Welcome to the fourth story of the Spring Horror Collection for 2022, where Haunted MTL’s writers craft original tales of terror that’ll grow on you. Check with us all week for new stories.
They called him Harold, a ghost, really, who walked only when it was dark and crisp. The kids, like me, knew he lived by the river, but could never find where exactly he lived. There were some rumors that he was, in fact, a ghost, except for the strange things he’d leave behind, little artifacts of a monster we couldn’t understand.
His face was wrong, that’s what we all knew and agreed upon. However some kids said that he had ripped off his own face and stitched on a new one ever so often. Other kids said that a bear ate it in the night and it never healed up right. KAnd some other kds said that he was actually a demon and that’s just how demons looked. Kids said a lot to fill up the silence of what wasn’t known and what was feared, which happened to be a lot. Each new year was a new cycle of children and, thus, a new cycle of theories.

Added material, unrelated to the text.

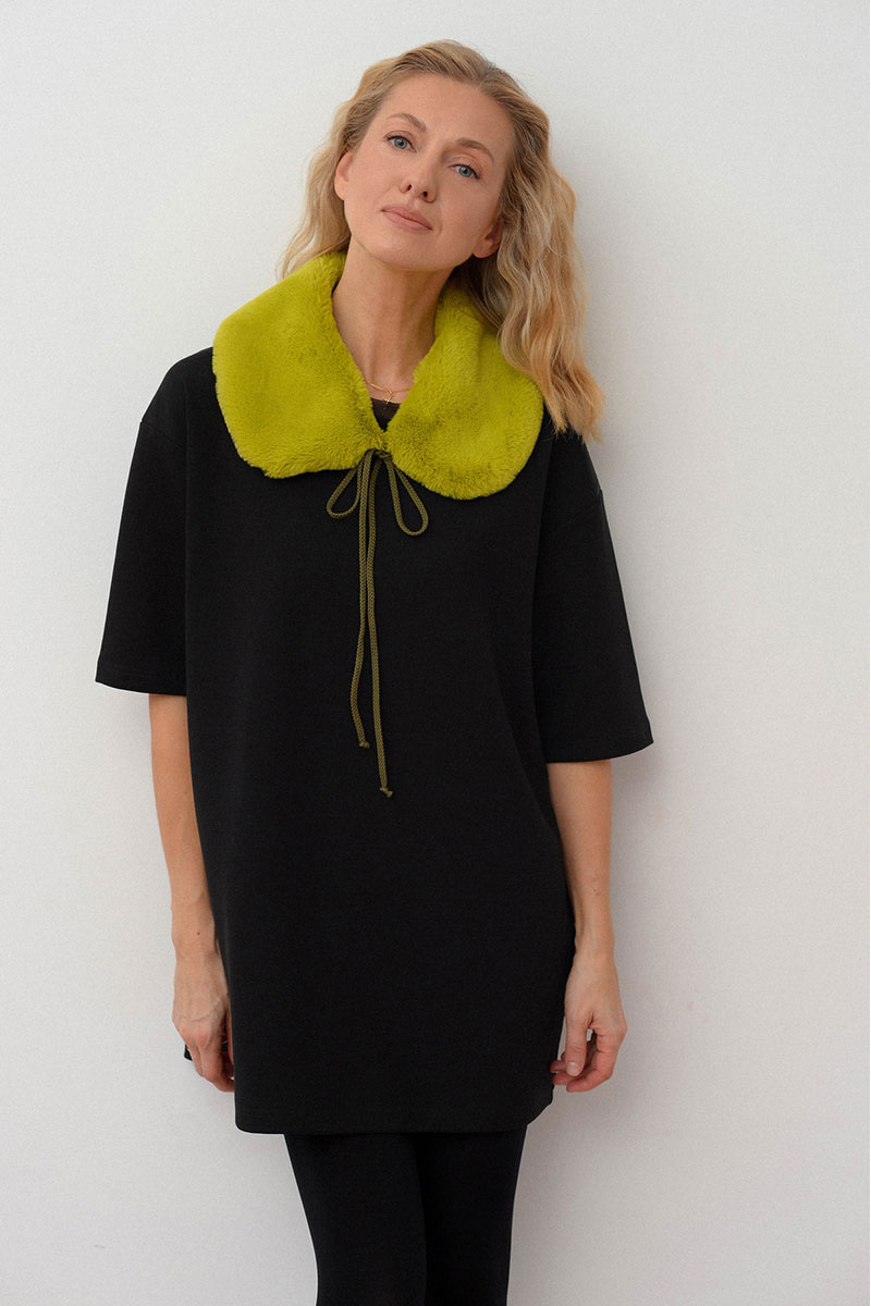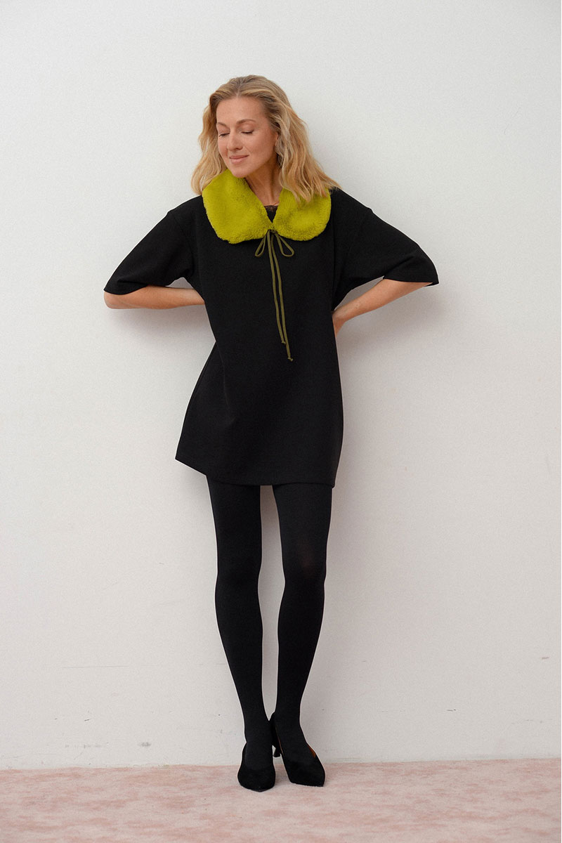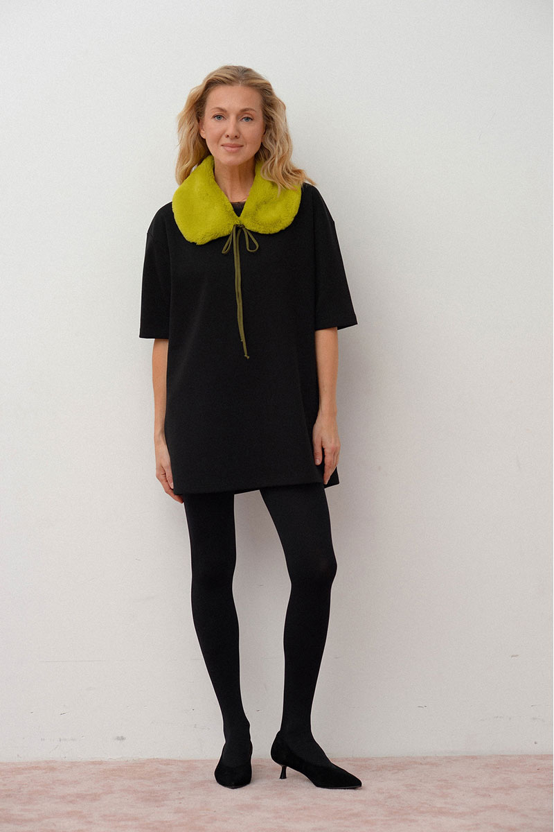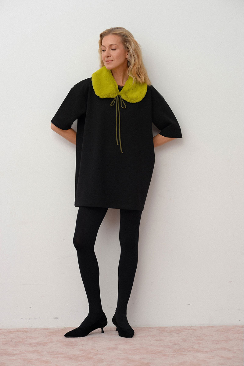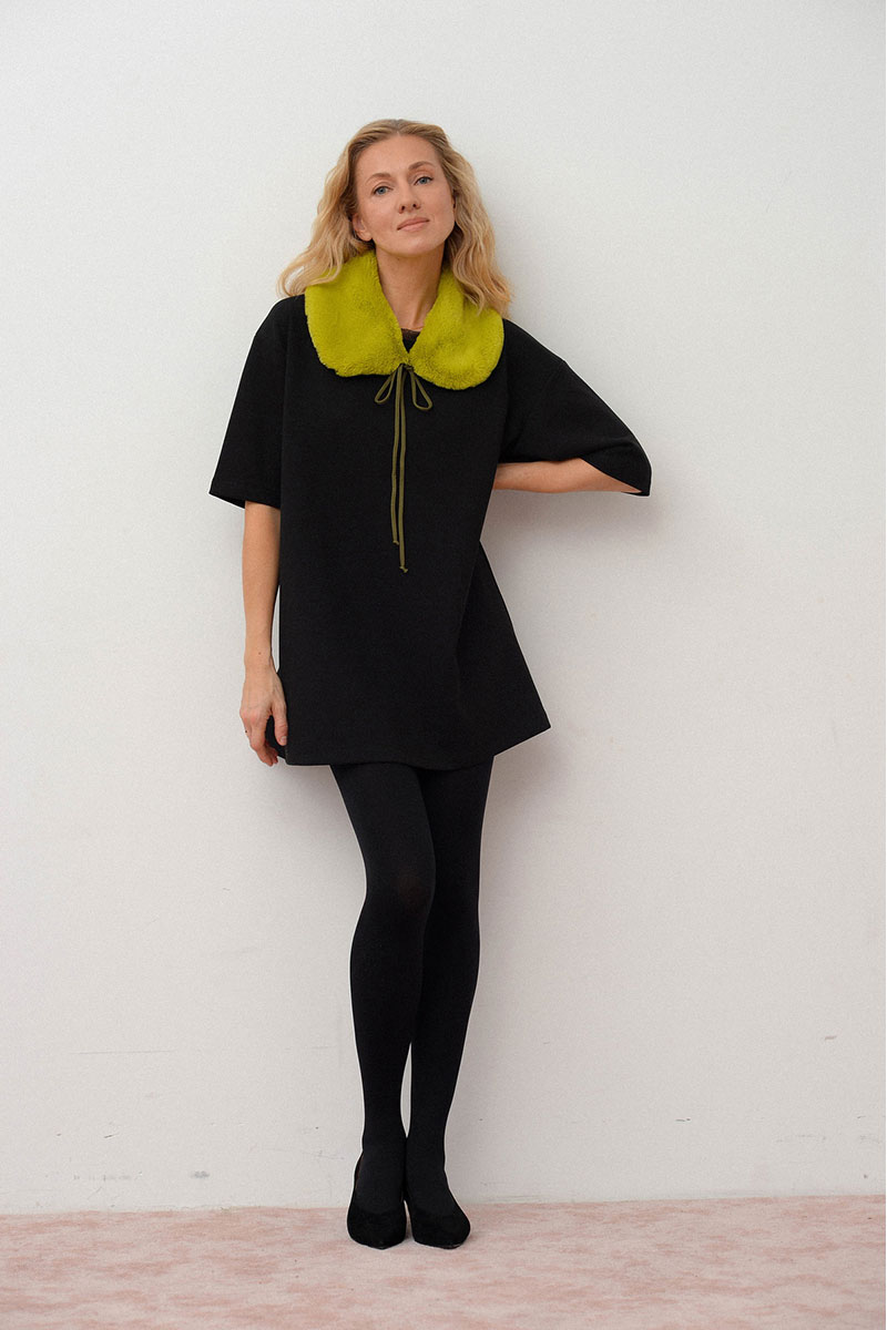 Платье мини со съемным воротником. Лаконичное, но запоминающееся благодаря съемному воротнику в зеленом оттенке из итальянского экомеха. Идеально в случаях, когда образ должен быть комфортным и изящным одновременно. Выполнено из плотной приятной к коже хлопковой ткани. Горловина обработана нежной сеткой в тон платья.

I was never a brave or outstanding child. I was fast enough for my height, but average all the way around. It wasn’t a shock, though, I came from average people in an average town. But for some reason, I was the only one who actually ever saw Harold, up close and face-to-godawful-face. Even though everyone, including my sisters, will say I’m a bullshitter, I’m not. Actually, I wish I were, but even now, years later, it still follows me on cold, damp nights. I can feel his sunken, white eyes and I wonder…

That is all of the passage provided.